Spring in the step of Johnny Buckley and Kerry

Dr Crokes player relishing full run in a league campaign

High fielding has been one of the highlights of Johnny Buckley and his  Kerry team-mates. Photograph:   Cathal Noonan/Inpho

High fielding has been one of the highlights of Johnny Buckley and his Kerry team-mates. Photograph: Cathal Noonan/Inpho

 

If there is one thing freshly distinctive about Kerry’s early spring league run it’s the clear and present danger of Johnny Buckley. He’s been in the Kerry team a long time, from minor on up, although not normally at this time of year.

Buckley’s performance in Sunday’s win over Donegal was certainly outstanding – arguably the man-of-the-match – yet he admits himself he’s a bit of a stranger to early spring football with his county, given he’s normally tied up with his club.

“It’s true,” he says, “that for last three or four years, we would have been involved with Dr Crokes, up to the All-Ireland semi-final stage. You are coming back in, after that, and it is difficult to totally refocus the mind when the other players have been training since the start of the year.

“Personally I have really enjoyed being there since the start, since last December, and working along with the team. Before, you’d be coming back into a team that have been training solidly, have played their McGrath Cup matches, and a couple of national league games.

“So it’s only natural that you are going to be a bit behind in trying to get a place. You are going to be fighting for positions. No more than last year, fellas are trying to hold onto jerseys when others rejoin the panel. It is more beneficial and enjoyable to be in with Kerry from the start of the year.”

The other difference about Buckley this spring is that he has an All-Ireland medal in his back pocket. He had won an All-Ireland under-21 title, back in 2008, but like most of the current Kerry panel, was perhaps beginning to question would ever win the real thing.

Not that his ambitions end with the one: “While it was great to get the medal last year, I don’t think it has a huge effect on this year.
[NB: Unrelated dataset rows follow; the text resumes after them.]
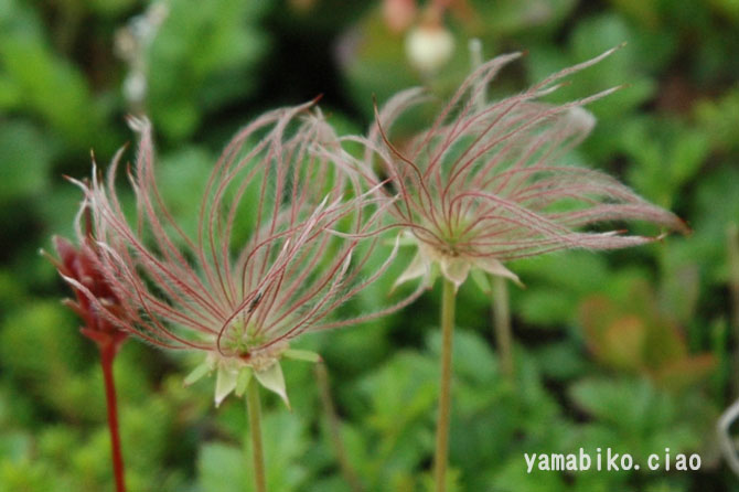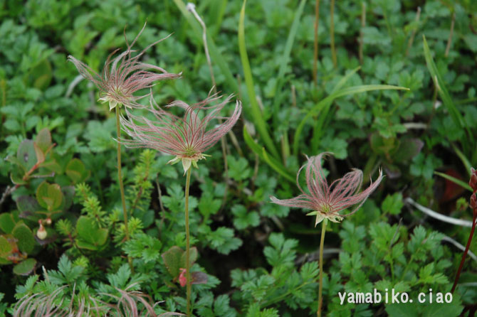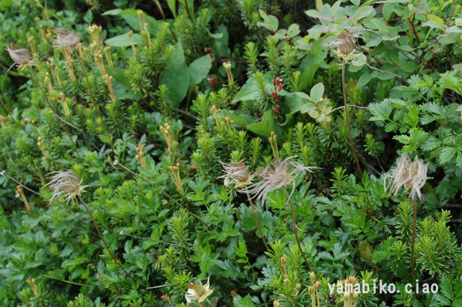 北海道から中部地方以北に分布し、高山の草地や湿地に生育する落葉小低木の高山植物。枝は地面を這い、群落を作ります。花の時期は雪解け前に白い花を咲かせ、可憐で清楚な姿を見せます。まさに鉱山を彩る代表的な花です。花が終わると綿毛に姿を変え、風にそよぐ姿は風情があります。山を歩く人の目を引きます。秋には羽賀赤く色づき、山肌を鮮やかに彩ります。花から綿毛、そして紅葉まで、「サント゛楽しませてくれる植物」として人気があります。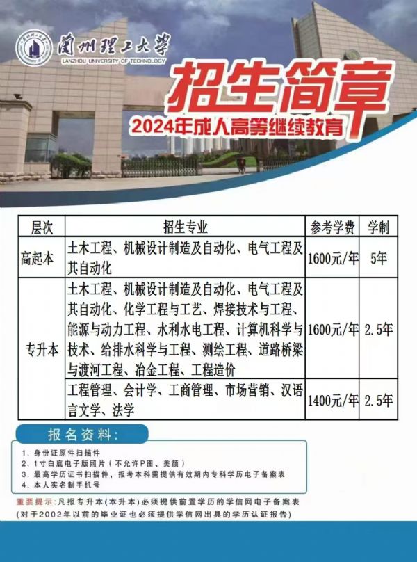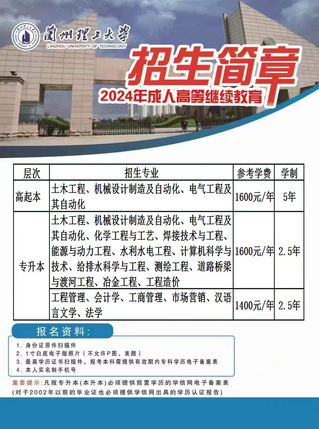 蘭州理工大學(xué)高等學(xué)歷繼續(xù)教育始于1983年成立的干部培訓(xùn)中心,1993年成立成人教育學(xué)院,2003年更名為繼續(xù)教育學(xué)院。蘭州理工大學(xué)的各類成人教育歸口繼續(xù)教育學(xué)院管理。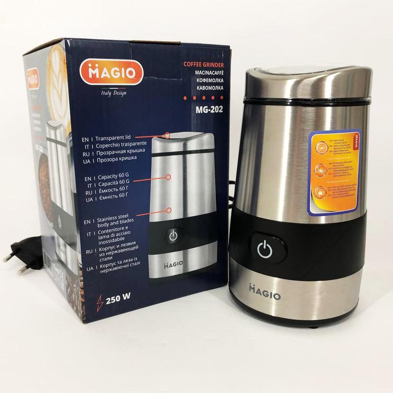Кофемолка Magio МG-202 за один раз измельчает 60 грамм кофе. Этого вам будет достаточно, чтобы наслаждаться в кругу семьи или близких друзей ароматом свежего кофе каждый день. Особенности модели: - Мощность: 250 Вт; - Объем: 60 г; - Материал ножа и корпуса: нержавеющая сталь; - Прозрачная крышка; - Система безопасности -- эксплуатация возможна только с закрытой крышкой; - Отсек для хранения шнура;

I would like to think we are as hungry as ever to win an All-Ireland. I know it is very early days, but there is a huge hunger in the team, to get a good national league in, train hard for the bit of the break and then have a good go off the championship again.

“You certainly wouldn’t be thinking about winning another All-Ireland medal at this time of the year. There is a slightly different mentality. At the moment, the focus is on getting a good league campaign, so really the All-Ireland isn’t having a huge bearing on our motivation or mentality at the moment.”
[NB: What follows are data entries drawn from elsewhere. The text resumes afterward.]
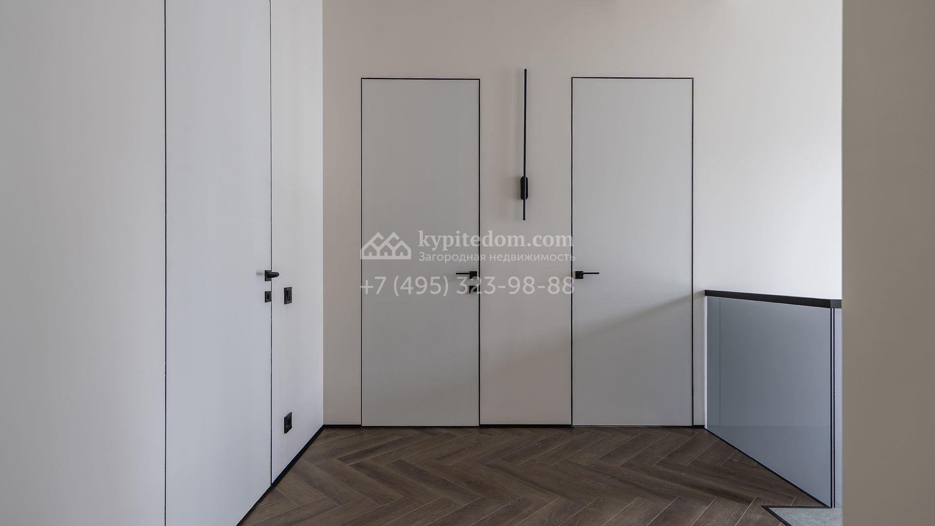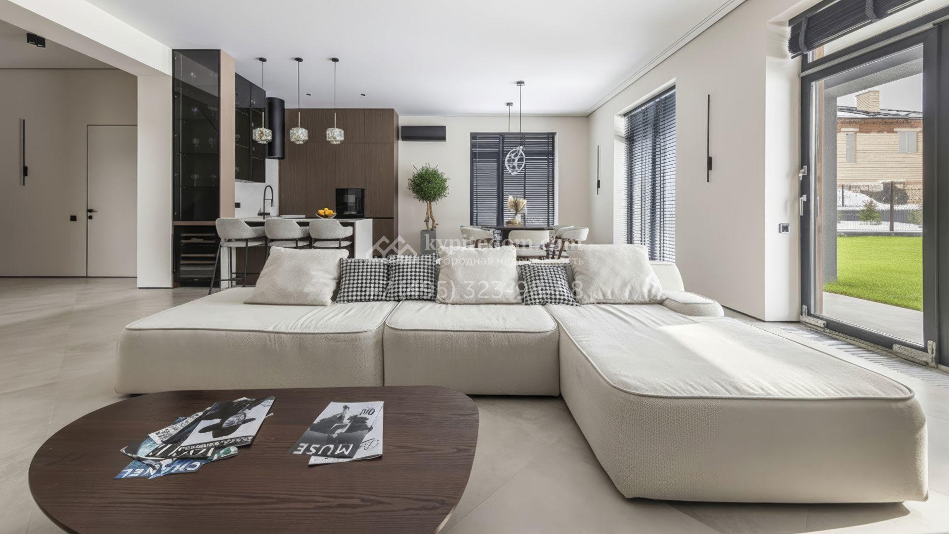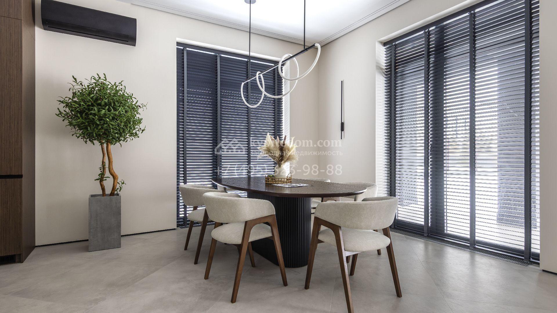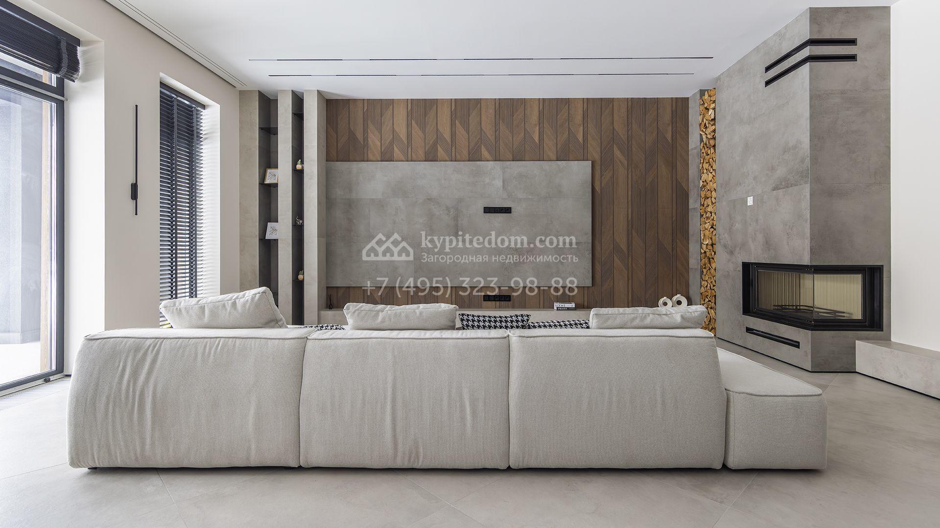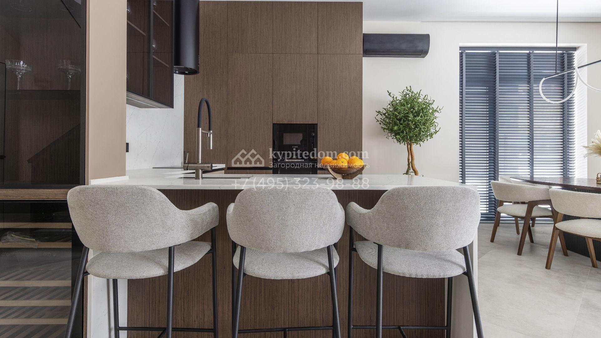 Двухэтажный коттедж площадью 300 м² расположен на полевом участке 7 соток. Фасад здания отличается строгостью форм и современным дизайном. Темные тона эффектно сочетаются с текстурой дерева, а панорамное остекление подчеркивает гармонию практичности и визуальной выразительности. Интерьеры выполнены в минималистичном стиле с использованием высококачественных материалов.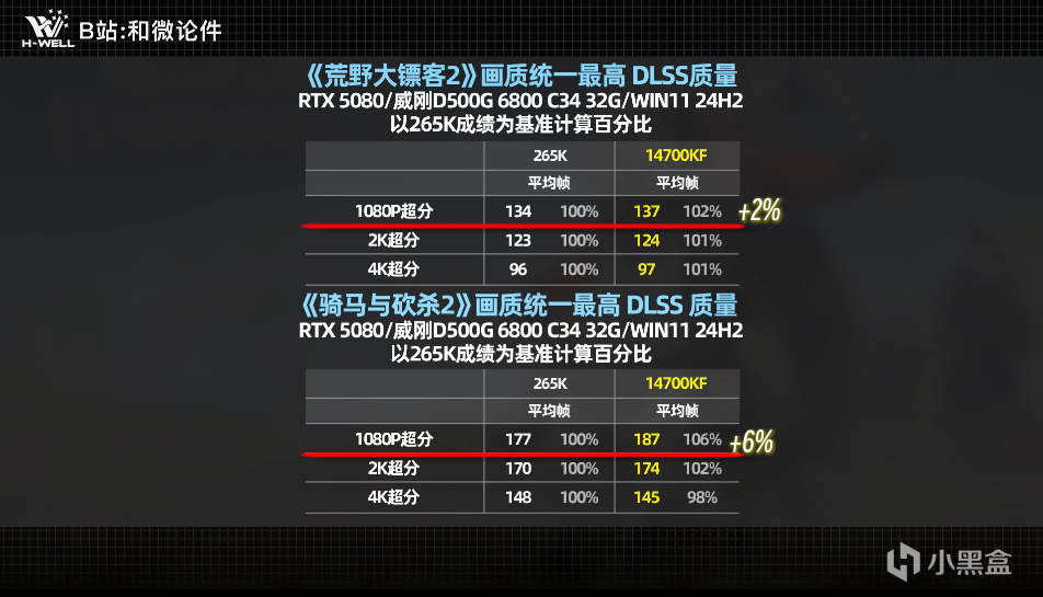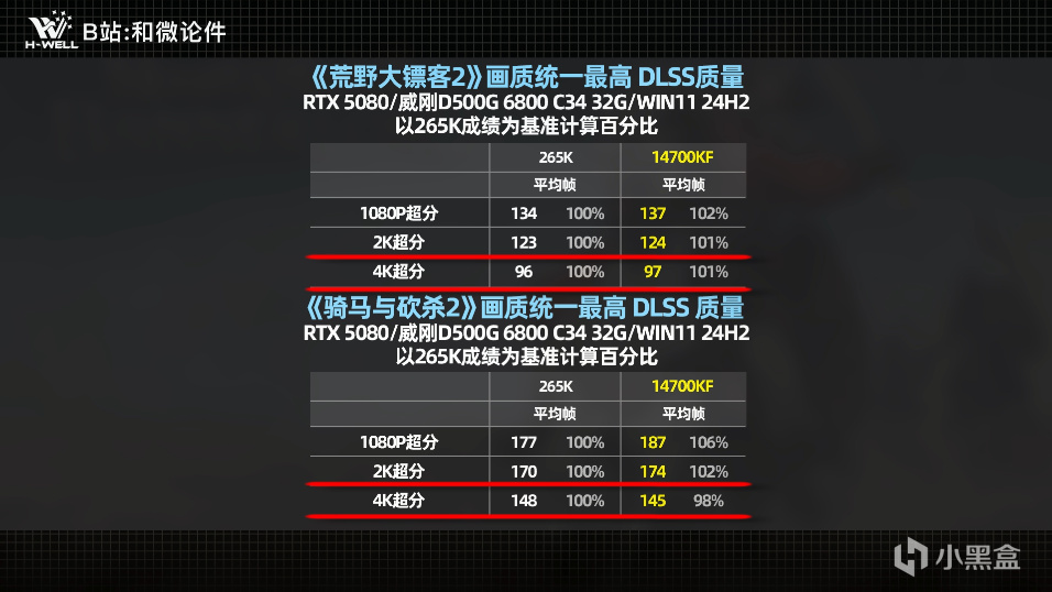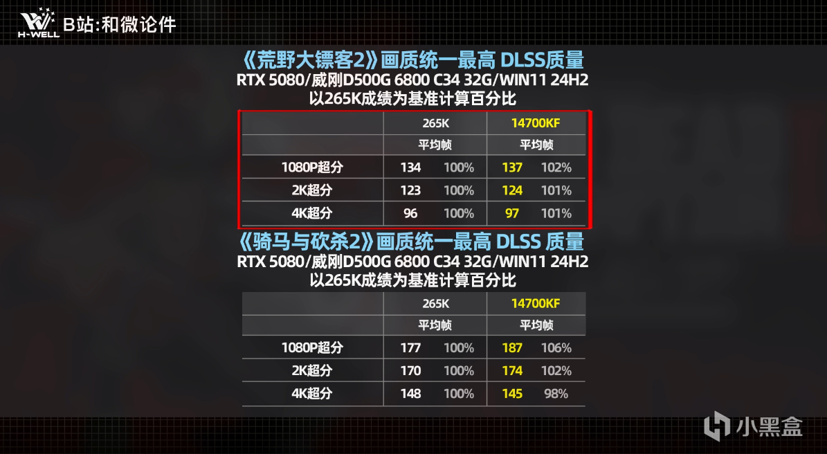 在《荒野大镖客2》中,在3个分辨率下均开启超分质量档后,14700KF是稍微领先265K的,幅度约为2%左右,1080P差距最大,帧数约为3帧,2K与4K差距就并不是很大了,可以看做误差范围了。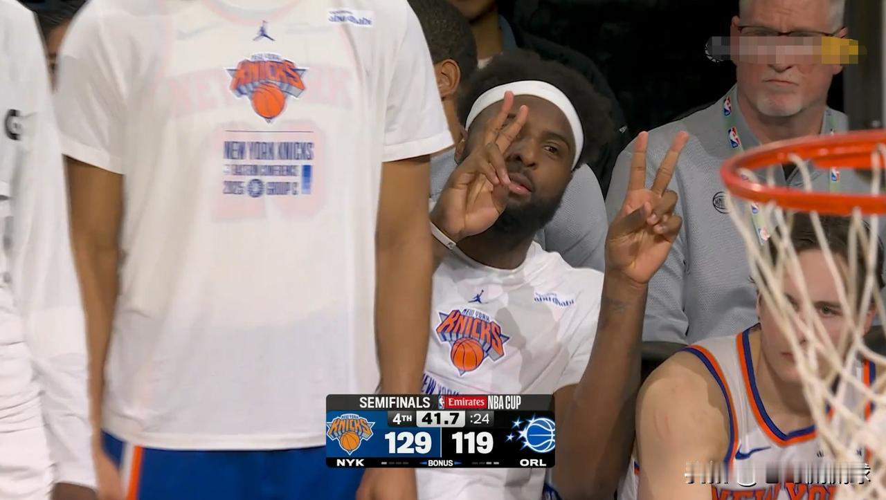尼克斯大将罗宾逊真是开心坏了!在今天进行的尼克斯和魔术的NBA杯半决赛中,当时比赛进行到了第四节的最后时刻,尼克斯以129:119领先对手,基本上胜局已定了。当转播镜头给到尼克斯的替补席时,只见此役得到5分9篮板的罗宾逊心情大好,他非常开心的对着镜头比“✌✌”,此时此刻罗宾逊开心的像个孩子。

What also set apart Buckley’s performance on Sunday – along with the likes of David Moran and Anthony Maher – was the classic old school display of high fielding, apparently a dying art in the modern game.

“Well, that’s still vital in order to win primary possession,” he says. “On days when there is a breeze blowing, it is great that Brendan (Kealy) can kick it out to the middle, and boys will do their job. But it is something we work on, it is something we target.”

What is also driving Buckley this spring, he says, is the clichéd competition for places, especially true with the likes of Colm ‘Gooch’ Cooper and James O’Donoghue still to return to the forward line. After a two week break, Kerry finish up at home to Monaghan, then away to Tyrone, and Buckley intends to play as big a part in them.

“There is something about the league this year, teams going hammer and tongs, and if you’re one per cent off you get shown up, like we were last week against Cork. A lot of games are being played close to championship pace. So every fella gives it their all, because there are five or six players going for each place, that’s no exaggeration, and that’s the way it needs to be.”